Tab Stomper

Most of the time when I'm playing guitar or bass, I'm reading from a tab on a screen. Since both hands are occupied by the instrument, scrolling the tab is an awkward dance of waiting for an appropriate pause in the music (or a section with only open strings, which don't require the fretting hand) and then quickly reaching out to hit the space bar. On a device without a keyboard, the process is even worse.

However, my feet are largely unoccupied while I play, except for supporting my weight and stomping on the occasional pedal. The natural solution to my problem is therefore a foot-activated page scrolling device.

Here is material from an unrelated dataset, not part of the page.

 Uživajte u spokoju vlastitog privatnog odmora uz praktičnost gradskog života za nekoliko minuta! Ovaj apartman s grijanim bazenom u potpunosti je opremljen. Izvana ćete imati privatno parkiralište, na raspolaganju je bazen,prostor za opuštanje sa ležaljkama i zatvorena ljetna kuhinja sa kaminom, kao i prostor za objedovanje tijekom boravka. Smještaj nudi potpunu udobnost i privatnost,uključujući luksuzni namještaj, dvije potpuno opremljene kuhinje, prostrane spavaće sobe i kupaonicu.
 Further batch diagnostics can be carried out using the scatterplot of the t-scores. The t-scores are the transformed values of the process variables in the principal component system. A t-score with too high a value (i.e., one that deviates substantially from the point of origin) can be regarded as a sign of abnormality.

The simplest way I know to achieve this is with a USB HID keyboard to send key presses. The advantages of this approach are that most things which can display tabs support USB in some way, and there are no custom drivers or software required on the host.

Versions

  1. Tab Stomper prototype 1 (V-USB, Arduino)
    2018-02-19

    Hacky, minimal-effort prototype featuring an Arduino running V-USB.

  2. Tab Stomper prototype 2 (V-USB, breadboard)
    2018-02-20 (updated 2018-04-07)

    ATmega328P running V-USB on a breadboard.

USB details

The USB Device Class Definition for Human Interface Devices (HID) explains how HID works. In particular, it lists the subclass and protocol codes that you need to implement a keyboard.

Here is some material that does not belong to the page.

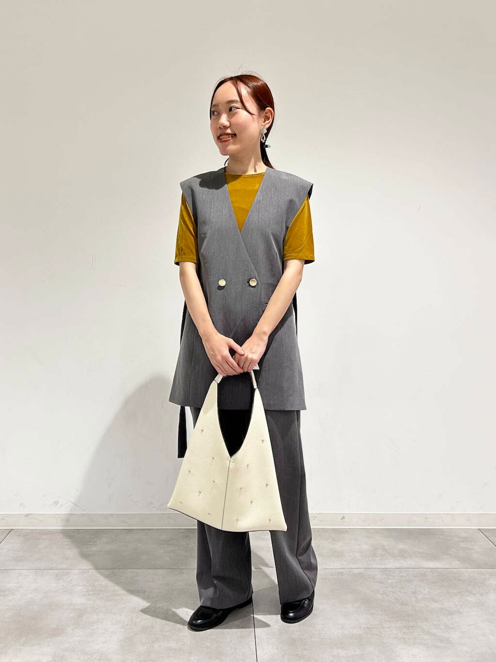どんなトップスとも相性抜群な万能ジレです。

The USB HID Usage Tables have a "Keyboard/Keypad Page", which lists key codes for all the keys. And I mean all the keys. They even have ones named "Prior", "Oper", and "ExSel".

As far as this project is concerned, the most difficult aspect of USB is the report descriptor. Thankfully, Frank Zhao has an amazing Tutorial about USB HID Report Descriptors. There is also an awful program called the HID Descriptor Tool, which can be found on the USB HID Information page. For some bizarre reason, it extracts into MSDEV/Projects/test/ and the UI is horrible, but it runs in Wine and gets the job done.